回到`pkg/scheduler/core/generic_scheduler.go:461`,正式进入`podFitsOnNode`内部:
```go
func podFitsOnNode(
pod *v1.Pod,
meta predicates.PredicateMetadata,
info *schedulernodeinfo.NodeInfo,
predicateFuncs map[string]predicates.FitPredicate,
queue internalqueue.SchedulingQueue,
alwaysCheckAllPredicates bool,
) (bool, []predicates.PredicateFailureReason, error) {
var failedPredicates []predicates.PredicateFailureReason
podsAdded := false
for i := 0; i < 2; i++ {
metaToUse := meta
nodeInfoToUse := info
if i == 0 {
podsAdded, metaToUse, nodeInfoToUse = addNominatedPods(pod, meta, info, queue)
} else if !podsAdded || len(failedPredicates) != 0 {
break
}
for _, predicateKey := range predicates.Ordering() {
var (
fit bool
reasons []predicates.PredicateFailureReason
err error
)
//TODO (yastij) : compute average predicate restrictiveness to export it as Prometheus metric
if predicate, exist := predicateFuncs[predicateKey]; exist {
fit, reasons, err = predicate(pod, metaToUse, nodeInfoToUse)
if err != nil {
return false, []predicates.PredicateFailureReason{}, err
}
... // 省略
}
}
}
return len(failedPredicates) == 0, failedPredicates, nil
}
```
注释和部分代码已省略,基于`podFitsOnNode`函数内的注释,来做一下说明:
1.通过指定`pod.spec.priority`,来为pod指定调度优先级的功能在1.14版本已经正式GA这里所有的调度相关功能都会考虑到pod优先级,因为优先级的原因因此除了正常的Schedule调度动作外还会有`Preempt`抢占调度的行为,这个`podFitsOnNode()`方法会被在这两个地方调用。
2.Schedule调度时会取出当前node上所有已存在的pod与被提名调度的pod进行优先级对比取出所有优先级大于等于提名pod将它们需求的资源加上提名pod所需求的资源进行汇总predicate筛选算法计算的时候是基于这个汇总的结果来进行计算的。

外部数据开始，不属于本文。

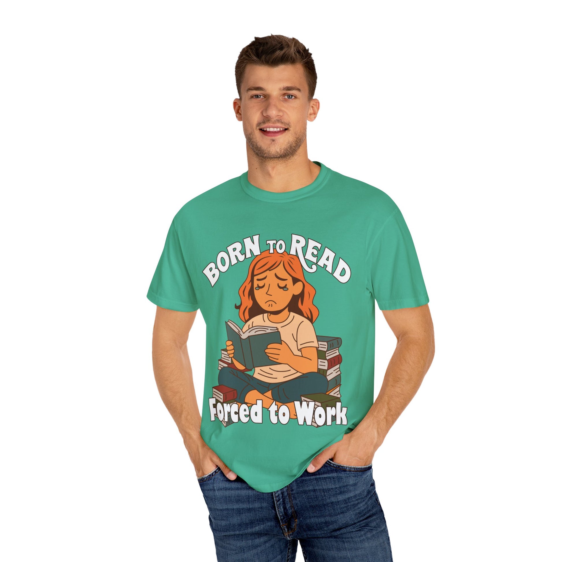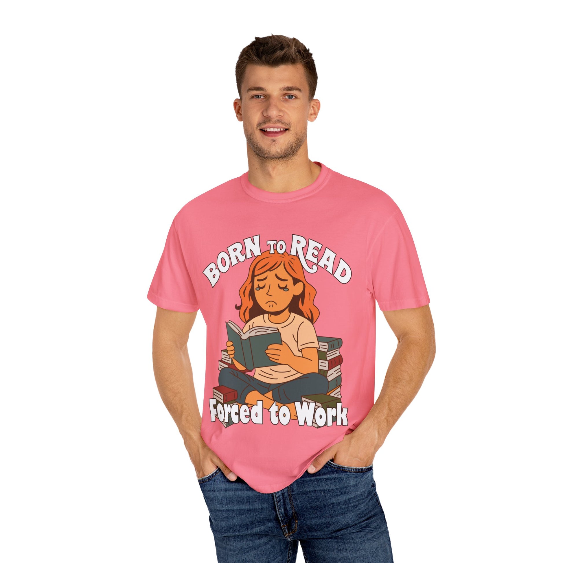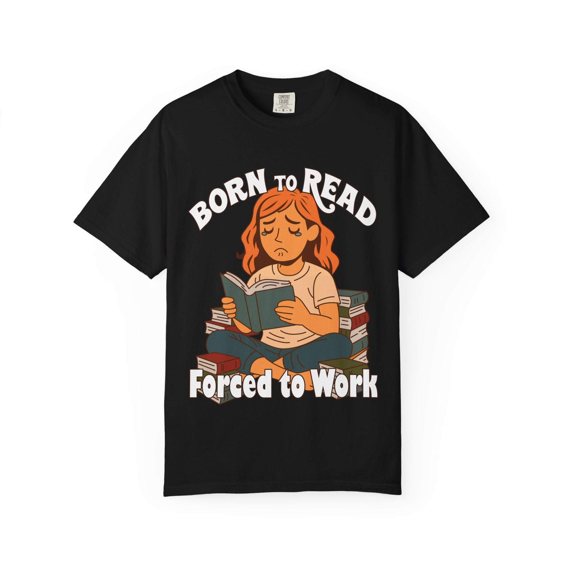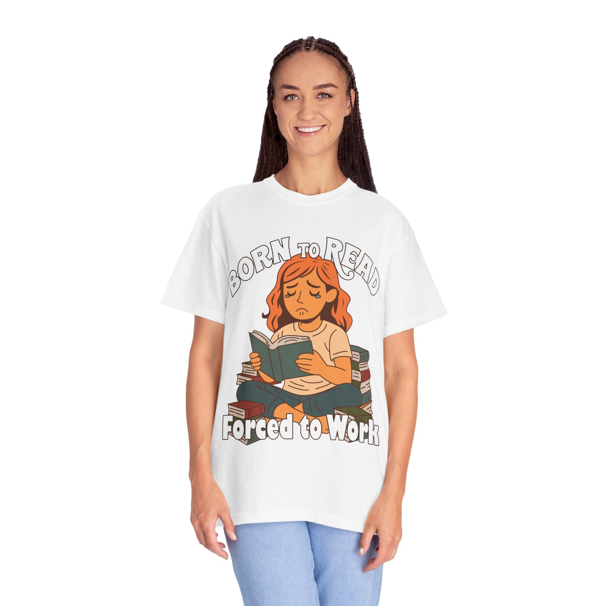 This T-shirt with a meme design 'Born to Read, Forced to Work' featuring a crying women is perfect for book lovers with a sense of humor. It gives off a funny and relatable vibe, making it a great casual wear for those who enjoy reading. Ideal for bookworms and literature enthusiasts, this T-shirt is relevant for book-related holidays and events.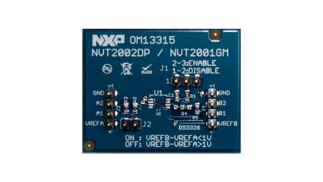 The NVT2001GM (OM13315) and NVT2002DP (OM13318) demo boards are designed to evaluate the NXP 1-channel or 2-channel bi-directional voltage level translators. The demo boards interface between device I/Os operating at different voltage levels. Since the NVT2001GM and NVT2002DP devices are passive devices, pull-up resistors may be needed depending on the I/O interface type (totem pole or open-drain), a difference in translation voltage, and the translation direction (high to low voltage, low to high voltage, or bidirectional). The NVT2001GM and NVT2002DP devices allow translations between any voltages from 1.0 V to 5.5 V.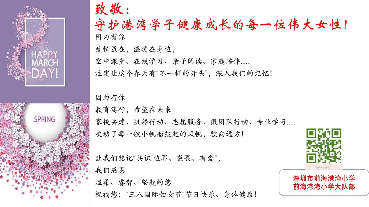 前海港灣小學(xué)希望這份特殊的“女神禮物”,讓我們在今年這個不一樣的“三八國際婦女節(jié)”的日子里感到不會一樣的溫暖。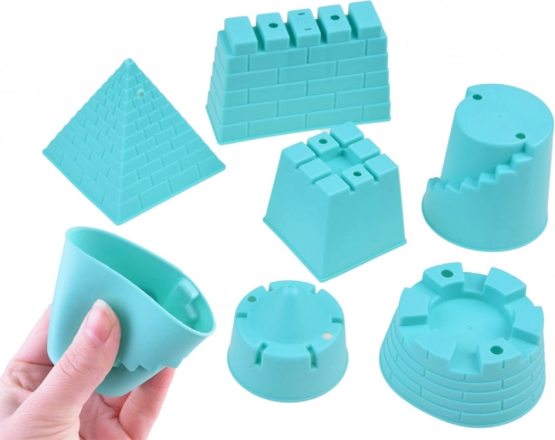 Zawiera różne kształty i narzędzia do tworzenia unikalnych piaskowych rzeźb i budowli.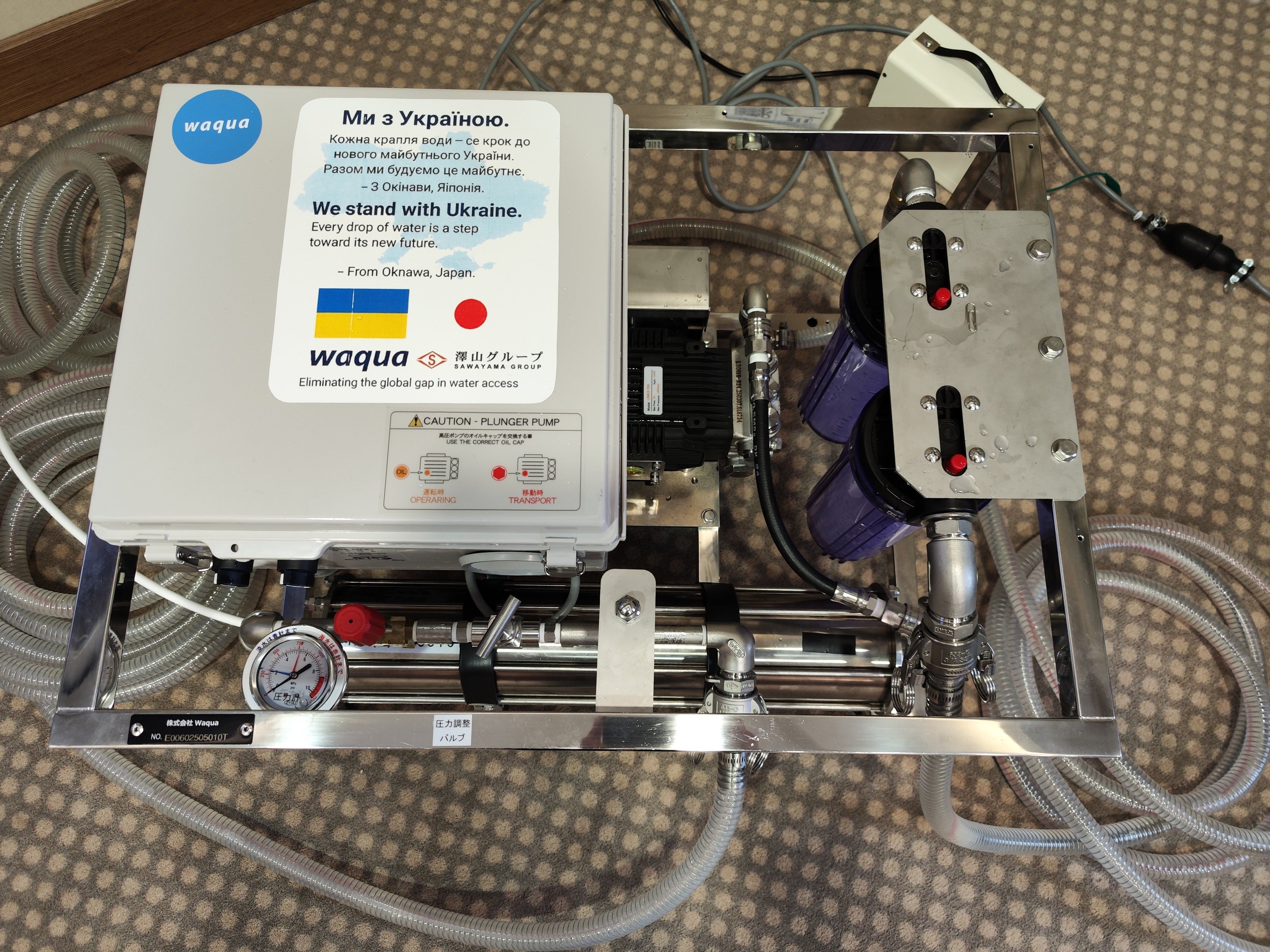 Sawayama Corporation(本社:長崎県長崎市、代表:澤山 精一郎)およびWaqua株式会社(本社:沖縄県うるま市、代表取締役CEO:松岡 徹)は、2025年10月29日、ウクライナ・キーウ市内のホテルにて、ブチャ市に所在する「Kyiv Regional Mental Health Center(キーウ地域メンタルヘルスセンター)」への可搬型海水淡水化装置「E-60」寄贈式を実施しました。

举个例子`node A memory cap = 128Gi`其上现承载有20个pod其中10个pod的优先级大于等于提名pod它们`sum(request.memory) = 100Gi`若提名pod的`request.memory = 32Gi`, `(100+32) > 128`,因此筛选时会在内存选项失败返回**false**若提名pod的`request.memory = 16Gi`,`(100+16) < 128`,则内存项筛选通过。那么剩下的优先级较低的10pod就不考虑它们了吗,它们也要占用内存呀?处理方式是:如果它们占用内存造成node资源不足无法调度提名pod,则调度器会将它们剔出当前node,这即是`Preempt`抢占。Preempt抢占的说明会在后面的文章中补充.
3.对于每个提名pod,其调度过程会被重复执行1次,为什么需要重复执行呢?考虑到有一些场景下,会判断到pod之间的亲和力筛选策略,例如pod Apod B有亲和性,这时它们一起调度到node上,但pod B此时实际并未完成调度启动,那么pod A的`inter-pod affinity predicates`一定会失败,因此,重复执行1次筛选过程是有必要的.
有了以上理解,我们接着看代码,图中已注释:
![](http://mycloudn.wqyin.cn/podFitsOnNode.jpg)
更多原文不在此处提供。